Excerpted data.
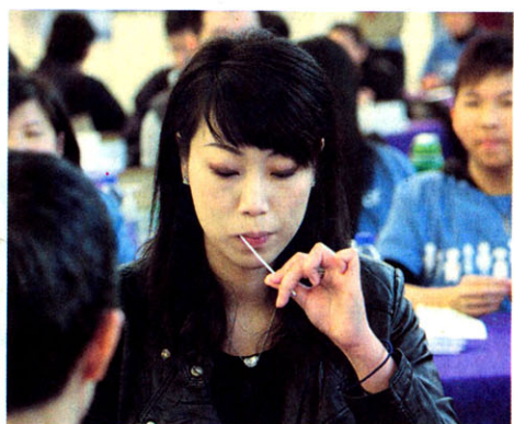
現場不少年輕人踴躍參加登記，愛心盡顯。
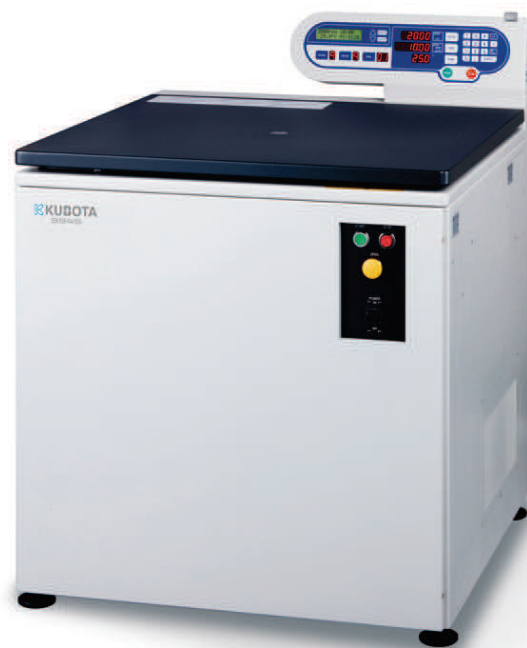
大容量冷却遠心機
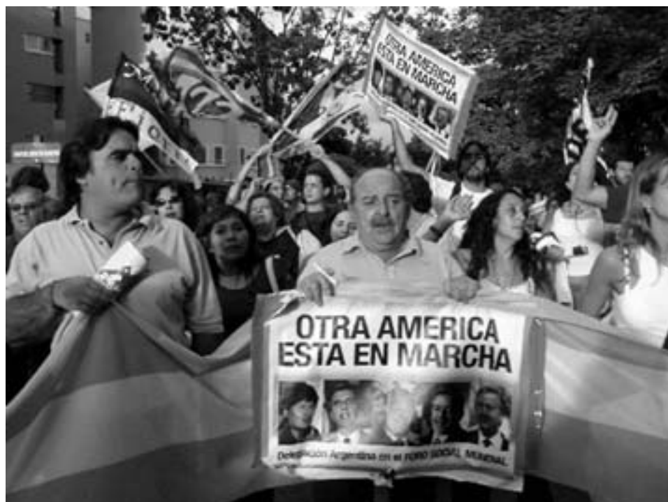
Det andet Amerika er i bevægelse Fra marchen ved WSFs start
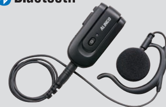
ワイヤレスイヤホンマイク EME-80BMA
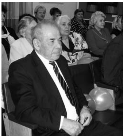
НА ФОТО: ОН ДО ПОСЛЕДНЕЙ МИНУТЫ РАБОТАЛ ДЛЯ ЛЮДЕЙ

10-я часть урожая области, 126 тыс. голов крупного рогатого скота, новые школы и сады, спорткомплекс
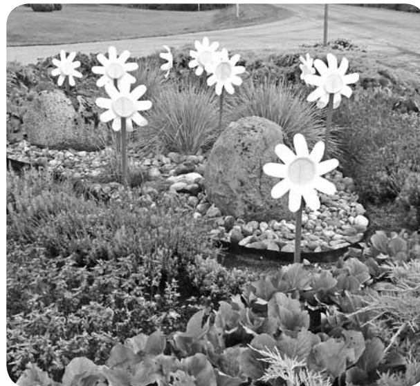
Ceļu krustojums svētku rotā.

ievietotie mākslas darbi, kuri nu jau pāris nedēļas ir apskatāmi katram interesentam. Ceru, ka arī pašu veco skolu šīs izmaiņas nedaudz atsvaidzinās un iekrāsos Latvijas simtgades cienīgās nokrāsās. Vēlos atkārtoti izteikt pateicību visiem iesaistītajiem par iedvesmu, iedrošināšanu, organizēšanu, padomiem, mākslas darbiem, praktisko palīdzību, uzstādīšanu, publikācijām novada laikrakstā un atklāšanu pagasta svētku ietvaros. Atsevišķi jāpiemin arī visa veida finansiālais atbalsts, ko saņēmām no projekta sākuma līdz pašām beigām. Neviens ziedojums nebija par
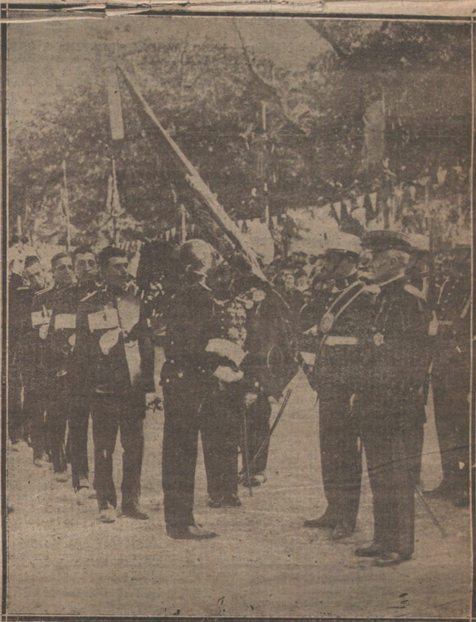
LA JURA DE LA BANDERA EN CIUDAD REAL.—ACTO DE JURAR LA BANDERA LOS NUEVOS ALUMNOS DE LA ESCUELA DE INGENIEROS.
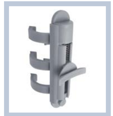
Alaosan jousikiinnitys pitää kuvan tiukalla. Tulokset ovat aina hienot!
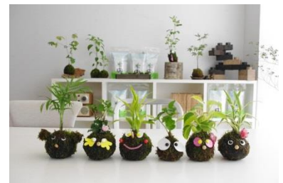
見た目も可愛いオリジナル苔玉
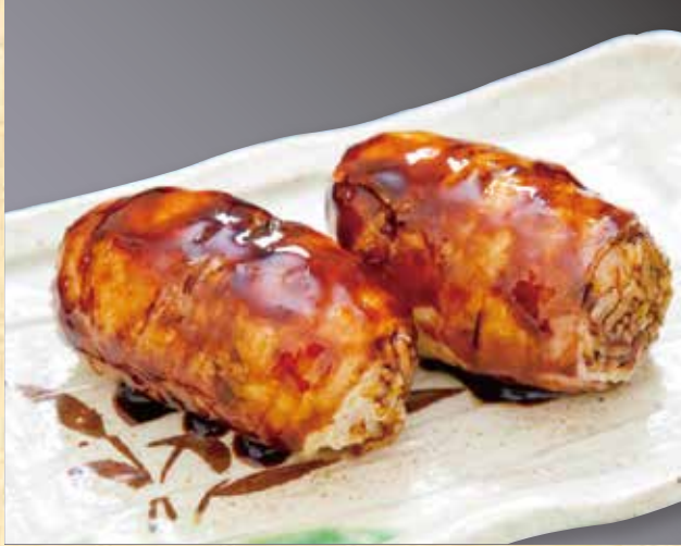
肉巻きおにぎり 499円(税込539円)
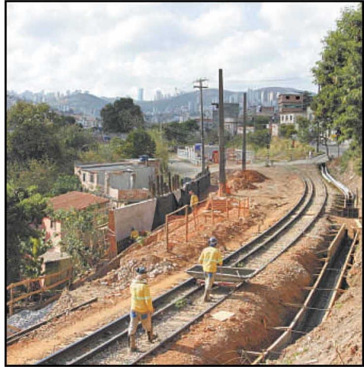
Estação ferroviária abandonada do Calafate: projeto é ligar o bairro ao Barreiro, mas não foi divulgado o cronograma da construção, por meio de parceria com iniciativa privada
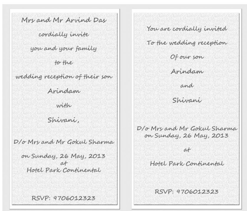
चित्र 3: दो वैवाहिक निमंत्रण।
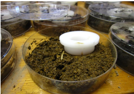
Billede 1: DGT på en jordoverflade. DGT'en indeholder en jernoxid-gel der absorberer fosfor på en måde, der minder om den måde en planterod optager fosfor på. Billede fra Mason 2017.

DGT-metoden til bestemmelse af den tilgængelige fosformængde i jord er en meget anderledes type af metode end fosfortalsmetoden. Fosfortalsmetoden er en jordekstraktionsmetode, hvor man ryster jorden med kemikaliet natriumbikarbonat i en given tid og derefter måler, hvor meget fosfor, der er blevet ekstraheret fra jorden. DGT-metoden efterligner mere den måde, hvorpå en planterod optager fosfor. En DGT består af en plasticenhed, der indeholder en jernoxid-gel, som kan absorbere fosfor. Når DGT'en placeres på en fugtig jordoverflade (se figur 1), vil fosfor fra jorden diffundere ind i DGT'en, og blive absorberet. Metoden har siden 2013 været anvendt kommercielt i Australien, hvor der årligt analyseres 3.-6.000 jordprøver med DGT.
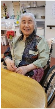
『カーネーション、綺麗ね🌸』
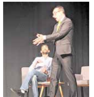
Representació. / EPDA
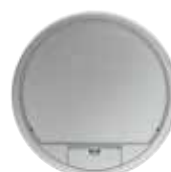
Tamaño nominal R9 con asa, aluminio. Ø 323 mm. 12 Mecanismos Modul 45.

Required work. Leave every picture out, and repeat exactly the lines from the one containing "चित्र 3: दो वैवाहिक निमंत्रण।" through the last line of the entries, both ends included.

Exercise output.
चित्र 3: दो वैवाहिक निमंत्रण।
Billede 1: DGT på en jordoverflade. DGT'en indeholder en jernoxid-gel der absorberer fosfor på en måde, der minder om den måde en planterod optager fosfor på. Billede fra Mason 2017.

DGT-metoden til bestemmelse af den tilgængelige fosformængde i jord er en meget anderledes type af metode end fosfortalsmetoden. Fosfortalsmetoden er en jordekstraktionsmetode, hvor man ryster jorden med kemikaliet natriumbikarbonat i en given tid og derefter måler, hvor meget fosfor, der er blevet ekstraheret fra jorden. DGT-metoden efterligner mere den måde, hvorpå en planterod optager fosfor. En DGT består af en plasticenhed, der indeholder en jernoxid-gel, som kan absorbere fosfor. Når DGT'en placeres på en fugtig jordoverflade (se figur 1), vil fosfor fra jorden diffundere ind i DGT'en, og blive absorberet. Metoden har siden 2013 været anvendt kommercielt i Australien, hvor der årligt analyseres 3.-6.000 jordprøver med DGT.
『カーネーション、綺麗ね🌸』
Representació. / EPDA
Tamaño nominal R9 con asa, aluminio. Ø 323 mm. 12 Mecanismos Modul 45.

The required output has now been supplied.